Since I have left the squash and carrots and apples in chunks for this dish, stew it is! You might think with the addition of apples into this stew that it would be sweet; it isn’t. There is a very subtle underlying sweet from the apple, but the predominant flavours are savory. The apple adds a very nice complement to the butternut squash.

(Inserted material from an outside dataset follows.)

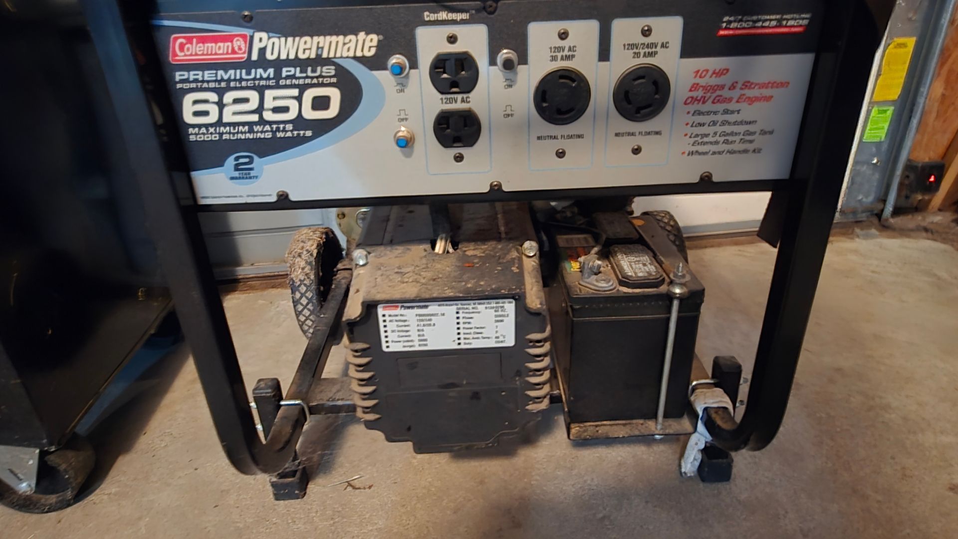- Coleman Powermate 6280 generator, 5K running watts, electric start, near new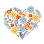 Een fleurige moederdagkaart met een hart van bloemen erop.

The butternut squash and carrots are oven roasted together; the apple is also roasted separately and for a shorter period. While they are all roasting, leeks are sweated in a tiny titch of butter along with some thyme and sage. Added to that will be sherry (or you could use a dry white wine), vegetable stock (or water), and some wild rice. The stockpot is covered to allow the wild rice to cook and then the roasted squash, carrots and apple are added along with just a hint of freshly grated nutmeg. That. Is. Autumn in a bowl.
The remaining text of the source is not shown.